◆ YOUR TASK: Leave every picture out, and print the full listing again exactly.

◆ DATA PROVIDED:
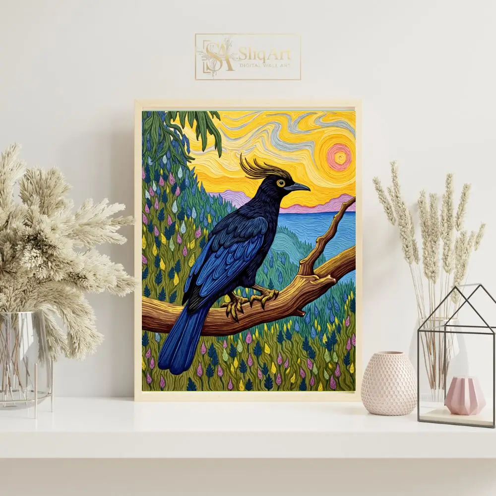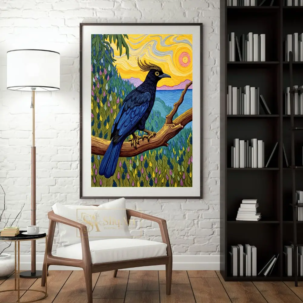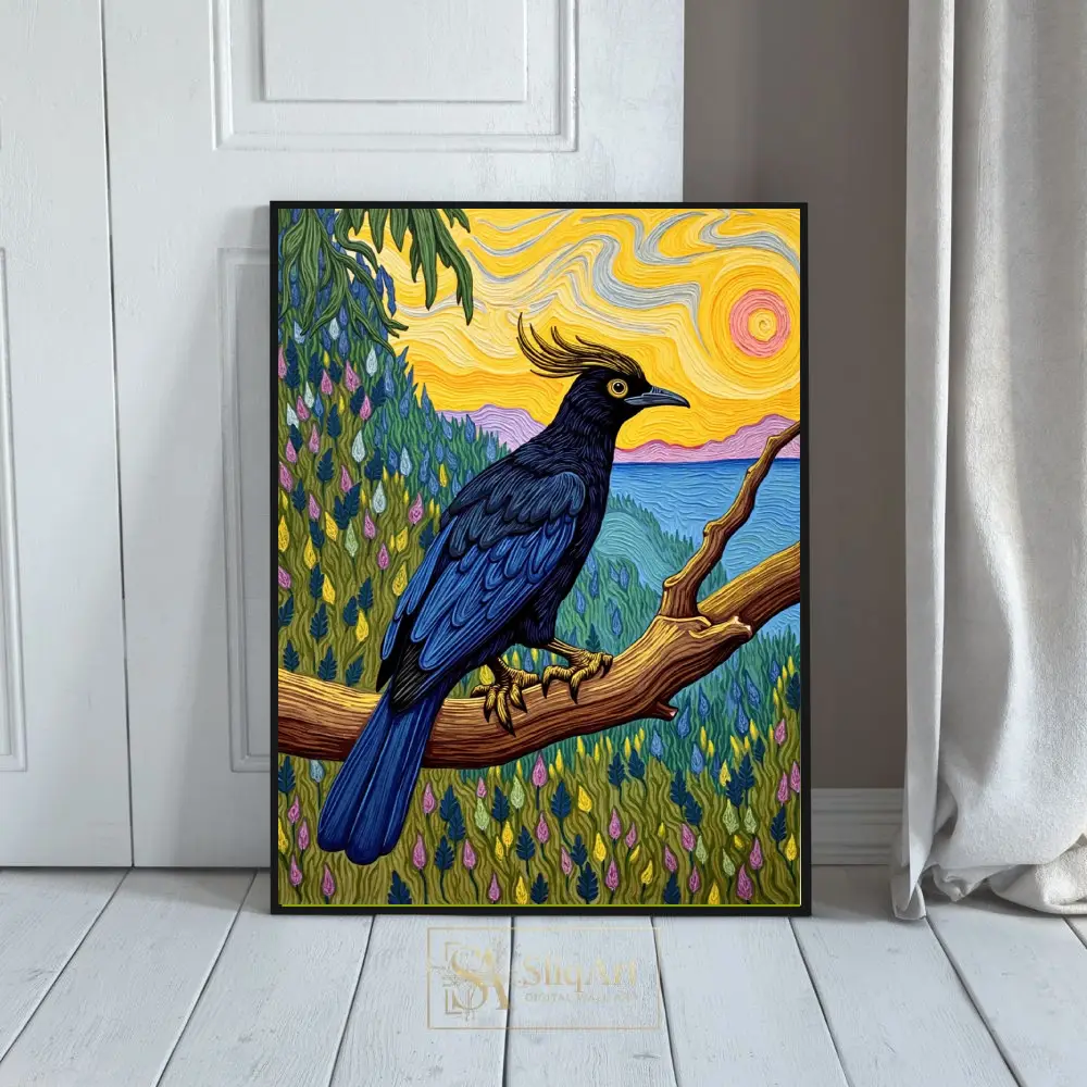 This striking piece of wall art features a majestic crested bird with deep navy and black plumage, perched gracefully on a sturdy wooden branch. The background is a masterclass in texture and color, drawing inspiration from post-impressionist techniques with swirling, impasto-style brushstrokes.
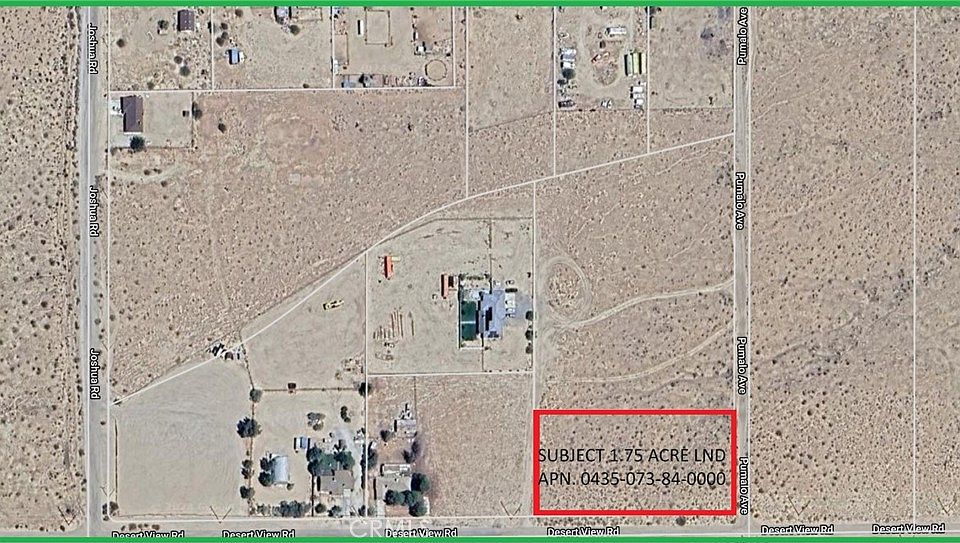 Come and enjoy this 360 panoramic view of the mountains, desert and the valley. Twinkling city light view at night will take your breath away. Live in the country with the conveniences of the city. This 1.75 Acre of buildable land located right on the corner of Desert View Rd and Pumalo Ave in Apple Valley and about 1/2 south from Highway 18 and just 10 minutes from all major shoppings. There are larger and newer custom built Ranch like houses all around this land and all utility should be very close to the land. Excellent location!! Only 25 minutes from Big Bear Lake, the most visited mountainous resort town and ski resort in Southern California. Only about 20 minutes from Johnson Valley where they hold world famous "KING OF THE HAMMERS" off road events every year. Also, Barstow, 29 Palms, Yucca Valley and Joshua Tree are about only an hour away. A perfect land for a custom dream home or buy to invest. Located on the path of the growth and has lot of potentials. MOTIVATED SELLER ALSO SELLING A 4.5 ACRE PARCEL NORTH OF THIS LAND!!
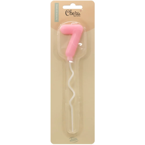 Свеча Цифра, 7 Воздушная серия, Розовый, 6 + 11 см, 1 шт. с держат., 802897
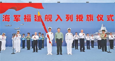 我国第一艘电磁弹射型航空母舰福建舰入列授旗仪式5日在海南三亚某军港举行。中共中央总书记、国家主席、中央军委主席习近平出席入列授旗仪式并登舰视察。

◆ RESULT OF THE EXERCISE:
 This striking piece of wall art features a majestic crested bird with deep navy and black plumage, perched gracefully on a sturdy wooden branch. The background is a masterclass in texture and color, drawing inspiration from post-impressionist techniques with swirling, impasto-style brushstrokes.
 Come and enjoy this 360 panoramic view of the mountains, desert and the valley. Twinkling city light view at night will take your breath away. Live in the country with the conveniences of the city. This 1.75 Acre of buildable land located right on the corner of Desert View Rd and Pumalo Ave in Apple Valley and about 1/2 south from Highway 18 and just 10 minutes from all major shoppings. There are larger and newer custom built Ranch like houses all around this land and all utility should be very close to the land. Excellent location!! Only 25 minutes from Big Bear Lake, the most visited mountainous resort town and ski resort in Southern California. Only about 20 minutes from Johnson Valley where they hold world famous "KING OF THE HAMMERS" off road events every year. Also, Barstow, 29 Palms, Yucca Valley and Joshua Tree are about only an hour away. A perfect land for a custom dream home or buy to invest. Located on the path of the growth and has lot of potentials. MOTIVATED SELLER ALSO SELLING A 4.5 ACRE PARCEL NORTH OF THIS LAND!!
 Свеча Цифра, 7 Воздушная серия, Розовый, 6 + 11 см, 1 шт. с держат., 802897
 我国第一艘电磁弹射型航空母舰福建舰入列授旗仪式5日在海南三亚某军港举行。中共中央总书记、国家主席、中央军委主席习近平出席入列授旗仪式并登舰视察。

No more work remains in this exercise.